В одной руке он держал длинный кнут, тонкие кожаные концы которого лежали, свернувшись кольцами на полу у его ног, как змеи. Фуражку он сдвинул на затылок, из-под нее выбивалась и падала на лоб прядь темных волос. Его выбритое толстое лицо выражало полное довольство собой. Этот солдат не имел ничего общего с теми, которых я узнала так хорошо во время войны и к которым я привыкла; я не знала, откуда он такой, как с ним себя вести. Но теперь уже было слишком поздно колебаться, он уже заметил нас и, не меняя позы, смотрел, как мы приближаемся к лачуге.
Нерешительность или смятение погубили бы все. Я смело подошла к нему, но даже теперь не знала, что сказать. Подняв брови и не наклонив головы, он с насмешкой посмотрел на меня.
– Что вам надо? – спросил он, следя за мной.
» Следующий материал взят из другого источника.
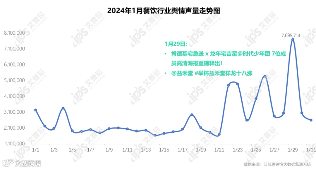 从声量走势来看,声量高峰期在1月29日,主要由“肯德基宅急送 x 龙年宅吉星@时代少年团 7位成员高清海报重磅释出!”“举杯益禾堂祥龙十八涨”相关报道带动声量。
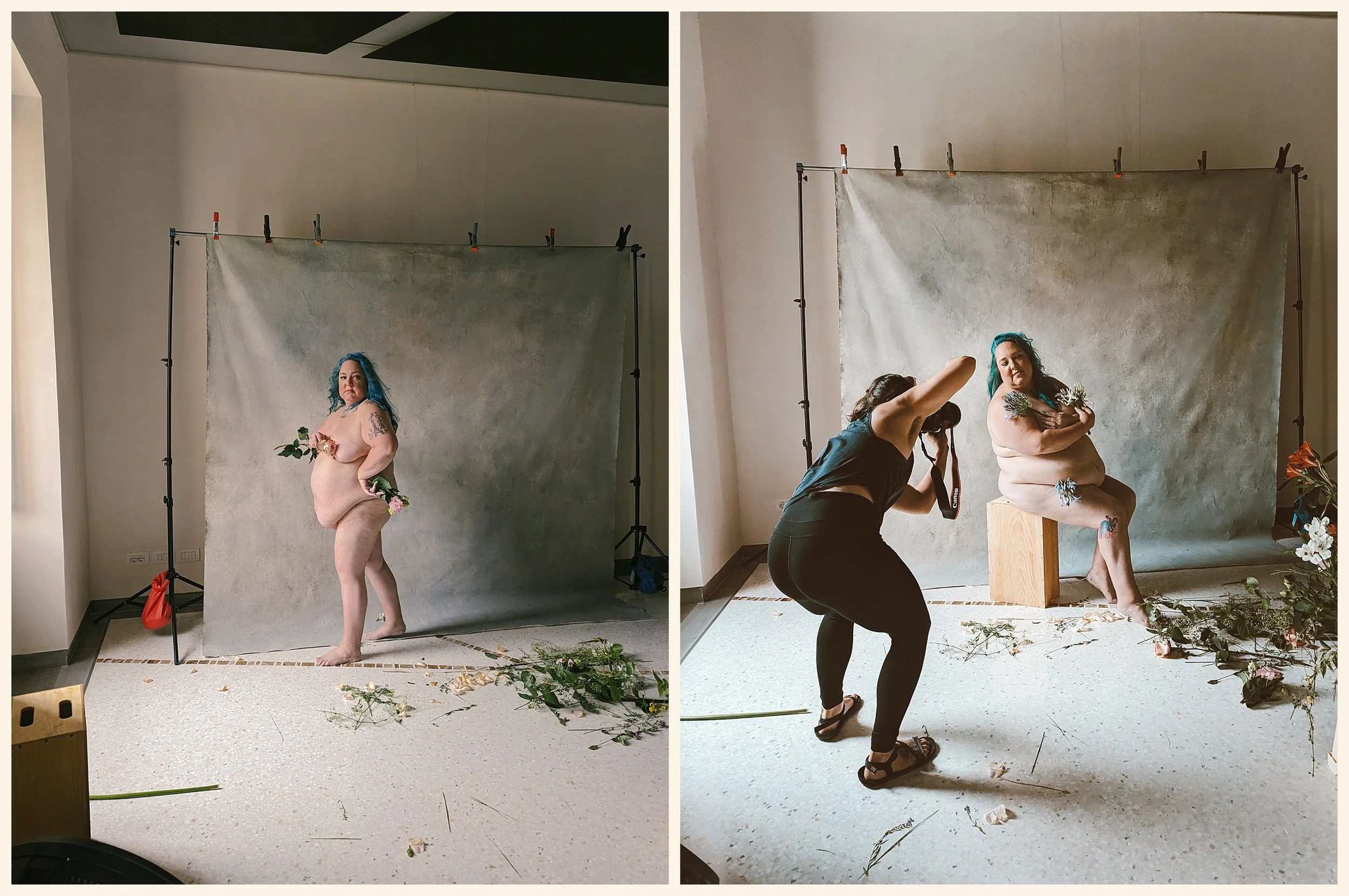 Our first group of attendees saw over 50 students from all over the world come into our space and learn from myself, Sue Bryce, & Kara Marie. I think people maybe thought it was a āphotography workshopā but if you know me, Kara Marie, and Sue - then you know we are going to talk about more than just the technical aspects of being a photographer - we are going to talk about what it means to HUMAN AND A PHOTOGRAPHER. On day 1 we poured our knowledge into them, each of us delivering a 60-90 minute keynote on our various topics. Myself on body image as it pertains to photography, Kara on burnout as it pertains to being a creative, and Sue on self value as it pertains toā¦well, being a human entrepreneur. It was a beautiful day full of tears, laughter, and connection (and of course, amazing food!). The second day I led a group of folks through a My Body Is Art Empowerment Experience on the lawn for those that wanted to partake and it was absolutely incredible. Then we had to rush them off to lunch so they could get on the bus and head to the Graphistudio factory to check out the glorious products and processes. Day 3 was all about shooting - well, my portion still delivered a 60 minute talk about HOW I get my clients to be vulnerable and alllll the work that takes place before I even take out my camera. The large group of students was split into 3 and we saw each of those smaller groups for about 2 hours where they had the opportunity to shoot, play, ask questions, and learn some more to help embolden their businesses. At the end of the last day, the group erupted into a huge dance party where I got my paparazzi on and took on the name POPPAā¦POPPARAZZI!

– Послушайте, – начала я и сделала паузу, пока полностью не взяла себя в руки и не овладела своим голосом. – Сегодня рано утром мои родственники пересекли границу. Наш поезд опоздал, и у нас не было времени получить документы. Я боюсь, что мы не сможем догнать их. А мне нужно повидаться с ними, прежде чем они пересекут немецкую границу. Разрешите нам пройти. Мы вернемся после того, как повидаемся с ними, а затем займемся бумагами.
– Это совершенно невозможно, – ответил он. – Чтобы перейти границу, нужно иметь пропуск местного Совета в Орше. Есть у вас пропуск? А украинская виза?
– Но я же говорю вам, что у нас не было времени получить документы, – возразила я, стараясь изобразить естественное волнение. – В этом-то все и дело. Наши украинские визы у наших родственников, – придумывала я на ходу.
– Покажите мне ваши удостоверения личности и документы, выданные вам там, откуда вы приехали.
Муж достал из кармана бумагу, выданную Павловским Советом. Представитель власти, от которого зависела наша судьба, взял ее в руки и стал изучать. Наши имена были написаны нечетко; это был решающий момент. К счастью, его внимание привлекали главным образом печати, обилие которых, кажется, удовлетворило его.
– Гм, – пробормотал он, переводя взгляд с печатей на нас, – и все же я не могу вас пропустить.
– О господи, но это же ужасно! – запричитала я, все больше и больше входя в роль. – Что же нам делать? Если мы не получим свои визы, то тогда нам надо начинать все сначала. Вы хотите, чтобы мы поехали назад в Петроград?
– Мне все равно, что вы будете делать, но я не могу пропустить вас без документов, – сказал этот человек уже несколько нетерпеливо.
К этому времени я уже твердо решила не сдаваться. Будь что будет, но мы должны оказаться по другую сторону большевистского забора. Все наше будущее, вся наша жизнь зависели от этого.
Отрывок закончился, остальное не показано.